¿Le convenía a Japón no cancelar los Olímpicos?

Por: Juan Fernando Palacio

Profesor de Relaciones Internacionales, UPB Medellín, juanfernandopalacio@gmail.com

No todo es plata… ni oro, ni bronce

No nos digamos mentiras: los Juegos Olímpicos y otros mega-eventos deportivos están plagados de críticas y escándalos. En las últimas décadas los costos de los juegos se han disparado para los países y ciudades anfitriones, algunos procesos de selección de sedes han sido cuestionados por sobre exigencias o por falta de transparencia y cada vez son más comunes los estudios que subrayan los efectos negativos de estos eventos en materia de sostenibilidad, de desviación de recursos de otras metas que serían más apremiantes, entre otras críticas. A eso se le suma que los gobiernos, tanto del país anfitrión como de los demás, siempre encuentran maneras de instrumentalizarlos políticamente, con lo que los puristas dirán que se les pierde algo de su magia.

Y los juegos de Tokio de este verano no son la excepción. Desde escándalos por equidad de género entre los organizadores japoneses hasta sobrecostos – que fueron de más del doble del pronosticado –, pasando por los riesgos de contagio de Covid, los juegos de este año son el foco de problemas y de críticas. De entrada, se tuvieron que aplazar por un año a raíz de la pandemia. Y, finalmente, se tuvieron que hacer sin público por el pico de contagio en Tokio y ante el descontento de muchos japoneses que se oponían a su realización.

¿Valía la pena obstinarse en hacer los juegos, a pesar de todo?

Es imposible dar una respuesta concluyente, porque aquí entramos al dominio de las escalas de valores y de la subjetividad. Pero sí es posible proponer un par de reflexiones que ayuden a entender el contexto y lo que está en juego.

En primer lugar, es importante considerar los aspectos económicos. Es muy difícil medir los beneficios financieros de ser anfitriones de mega-eventos deportivos. Primero, porque buena parte de las inversiones en infraestructura para los eventos, tanto deportiva como no deportiva, de todas formas se habría construido para cubrir necesidades de la población – sobre todo en una gran metrópoli como Tokio. Y segundo, porque las externalidades positivas asociadas al prestigio del país – y que inciden en los negocios y en el turismo en el largo plazo – son tremendamente difíciles de cuantificar. Pero, en general, existe consenso de que, con excepción de los Olímpicos de Atlanta en 1996, que fueron todo un modelo de gestión, los mega-eventos de las últimas décadas han tenido beneficios netos nulos o como mínimo dudosos, por lo menos en el corto plazo.

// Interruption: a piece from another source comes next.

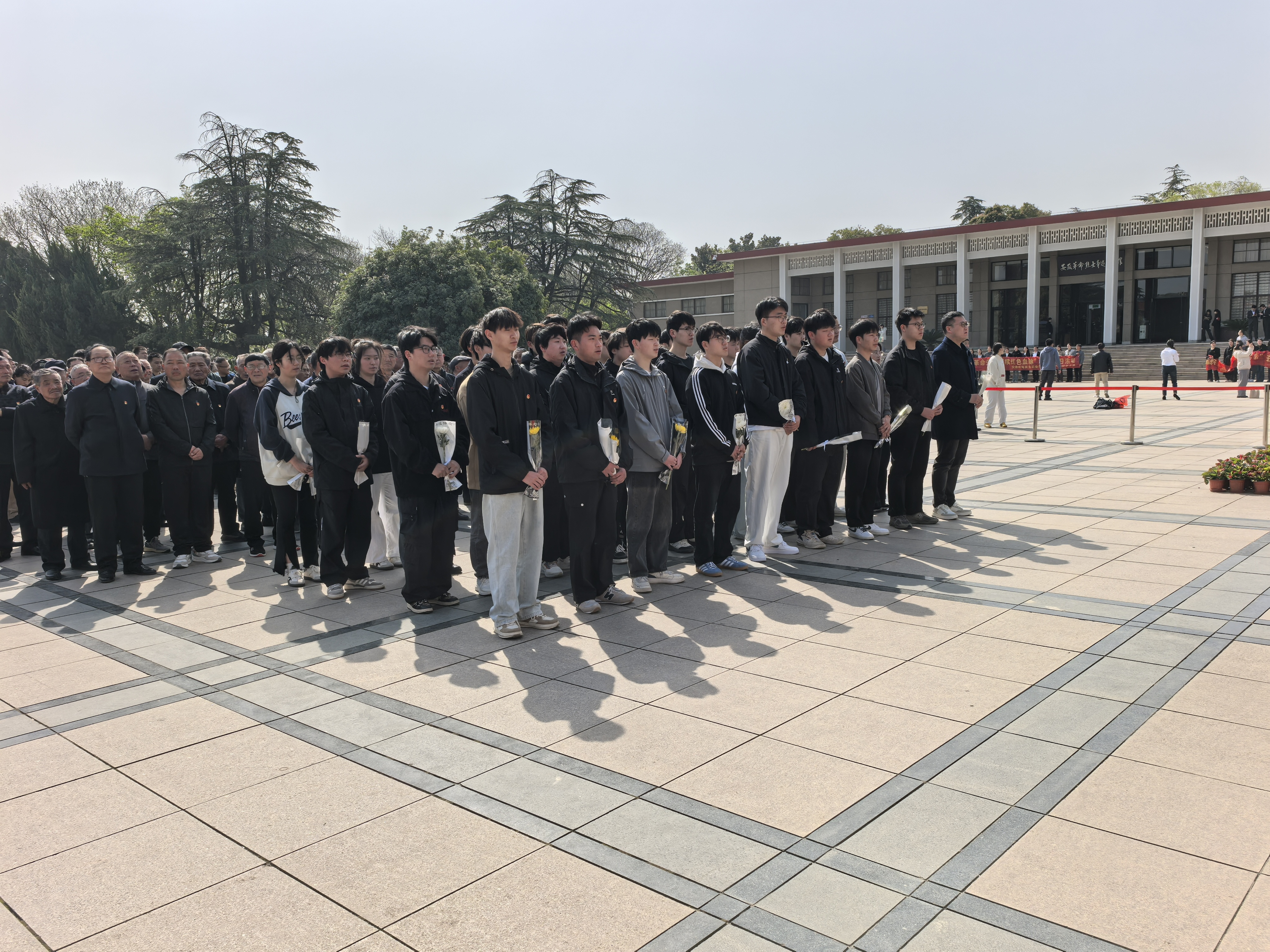 陵园寄情,誓守初心。全体师生整齐列队,垂首默哀,向为民族独立与人民解放献出生命的英烈致以崇高敬意。随后,每排人员缓步上前敬献鲜花,黄白菊花交织,寄托哀思与追念。在鲜艳的党旗前,全体师生面向纪念碑庄严宣誓,誓言铿锵,回荡于蜀山陵园上空,彰显了青年一代的信念与担当。
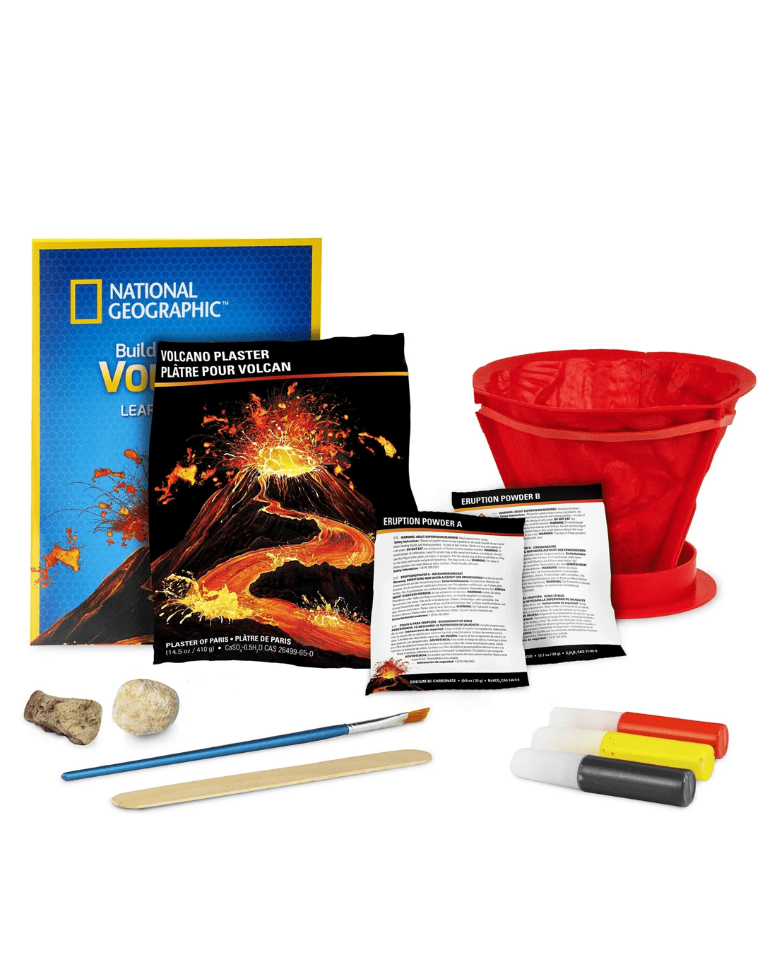 - Includes 1 x eruption powder, 1 x volcano plaster, 6 x paints, custom tools, 1 x National Geographic learning guide and instructions

Y buena parte de los ingresos que ayudan a salvar el equilibrio financiero de los juegos son los derivados del turismo, que son justamente de los que Japón no se puede beneficiar en un contexto de crisis sanitaria actual.

El panorama no es nada bueno. Y, no obstante, ¿no sería peor el balance si luego de haber hecho inversiones por más de diez años el país cancela los juegos? En tal caso el descalabro sí habría sido peor, y esta línea argumentativa es muy difícil de cuestionar.

Sin embargo, un aspecto más allá de lo económico que siempre hay que considerar cuando pensamos en eventos internacionales de esta envergadura mediática es sin duda el de la ‘salud’ de la política global. No nos detenemos lo suficiente a pensar en el enorme beneficio que todos estos rituales seculares modernos generan, distensionando las relaciones entre los países y erigiéndose en modelo de sana competencia, de amistad y de convivencia intercultural. Si las competiciones deportivas son metáforas de la guerra, también es cierto que son rituales controlados que nos permiten desfogar cualquier instinto de rivalidad que tengamos, desactivando en las comunidades los impulsos de acudir a un conflicto real. Y estos beneficios operan en alguna medida independientemente de los cálculos políticos coyunturales con los que los gobernantes deciden participar en los juegos.

No podemos llegar al romanticismo de creer que sólo a punta de olimpiadas y mundiales de fútbol se va a evitar una tercera guerra mundial, pero desconocer la utilidad de estos eventos es negar la importancia crucial de los procesos de socialización en el funcionamiento del sistema internacional.

Nadie quiere ir a la guerra con Brasil: todos queremos que su equipo de fútbol brille el día en que nos topemos con ellos para ganarles en la final del próximo Mundial.

Es por ese aporte crucial a la concordia internacional que estos Juegos Olímpicos de la Resiliencia, en medio de la pandemia que sacudió al mundo, vienen cargados de un valor simbólico tan especial.

Los Olímpicos son una fiesta inigualable. Y el mundo le debe admiración y gratitud a los esforzados anfitriones de este año. Cómo no pensar entonces que el prestigio que logrará Japón por estos juegos no va a ser proporcional a todo su empeño.